Data shown:
# # # #

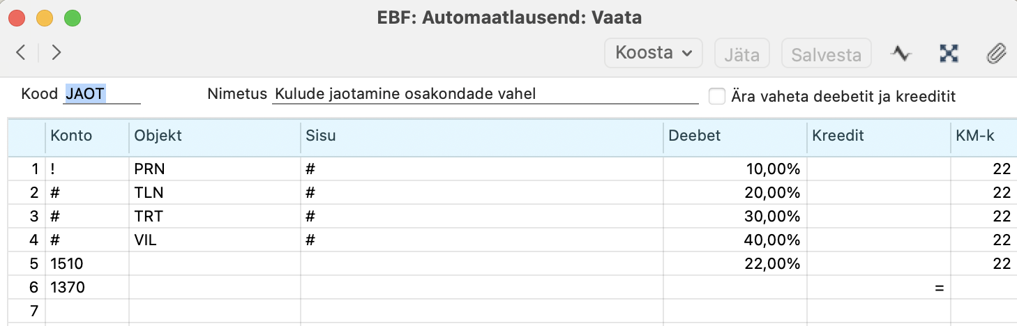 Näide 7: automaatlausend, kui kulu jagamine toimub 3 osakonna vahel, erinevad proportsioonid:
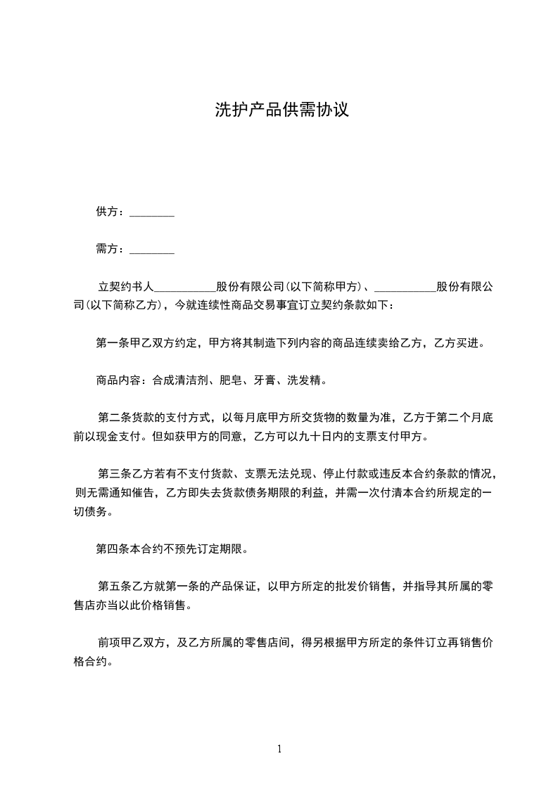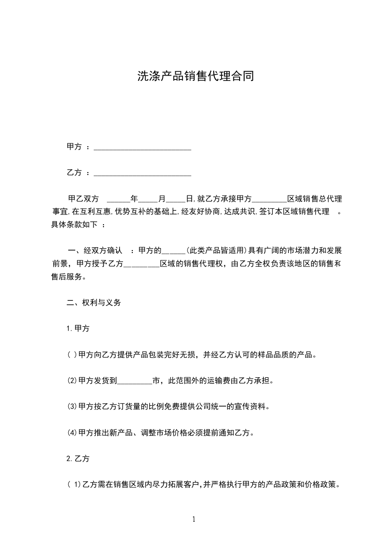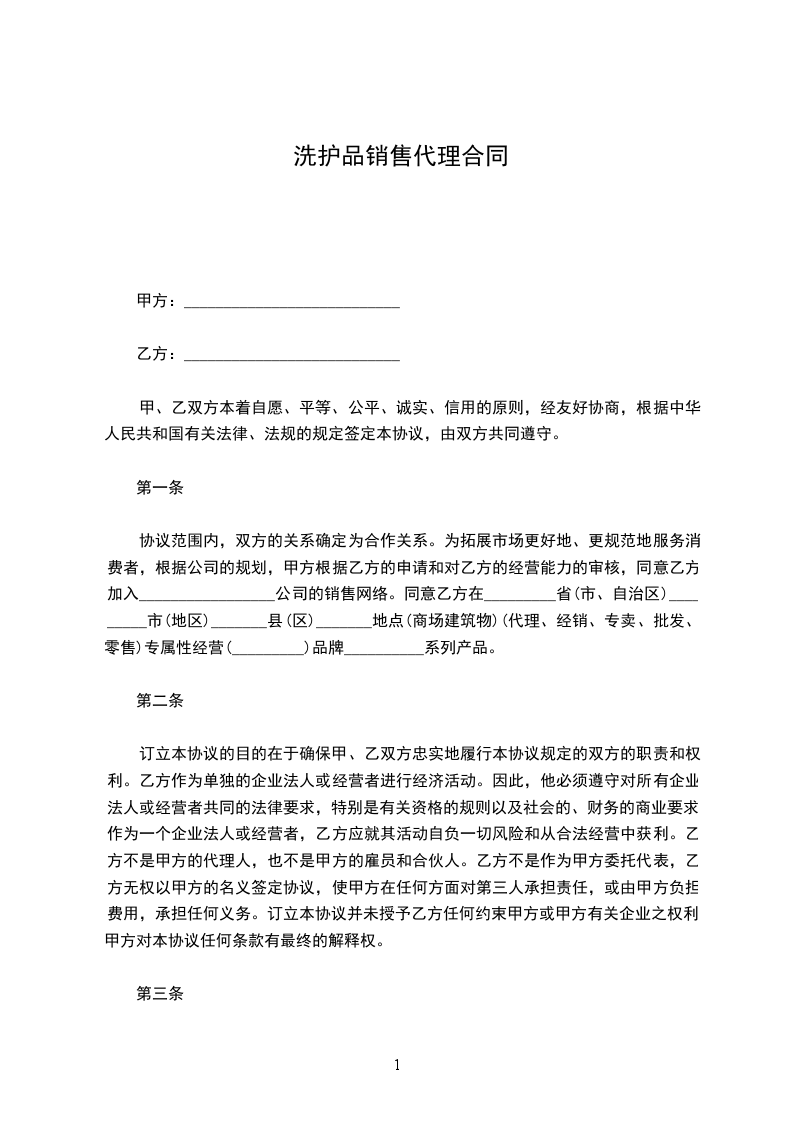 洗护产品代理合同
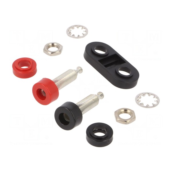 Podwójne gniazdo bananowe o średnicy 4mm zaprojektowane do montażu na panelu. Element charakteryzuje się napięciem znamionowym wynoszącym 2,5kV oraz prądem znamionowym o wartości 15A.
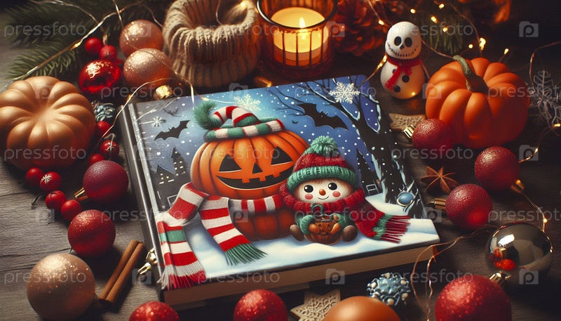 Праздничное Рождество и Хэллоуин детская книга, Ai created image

# # # #

Instructions to follow:
Nothing but the text of the listing should be set down, exactly, with the pictures left behind.

Response to the exercise:
 Näide 7: automaatlausend, kui kulu jagamine toimub 3 osakonna vahel, erinevad proportsioonid:
 洗护产品代理合同
 Podwójne gniazdo bananowe o średnicy 4mm zaprojektowane do montażu na panelu. Element charakteryzuje się napięciem znamionowym wynoszącym 2,5kV oraz prądem znamionowym o wartości 15A.
 Праздничное Рождество и Хэллоуин детская книга, Ai created image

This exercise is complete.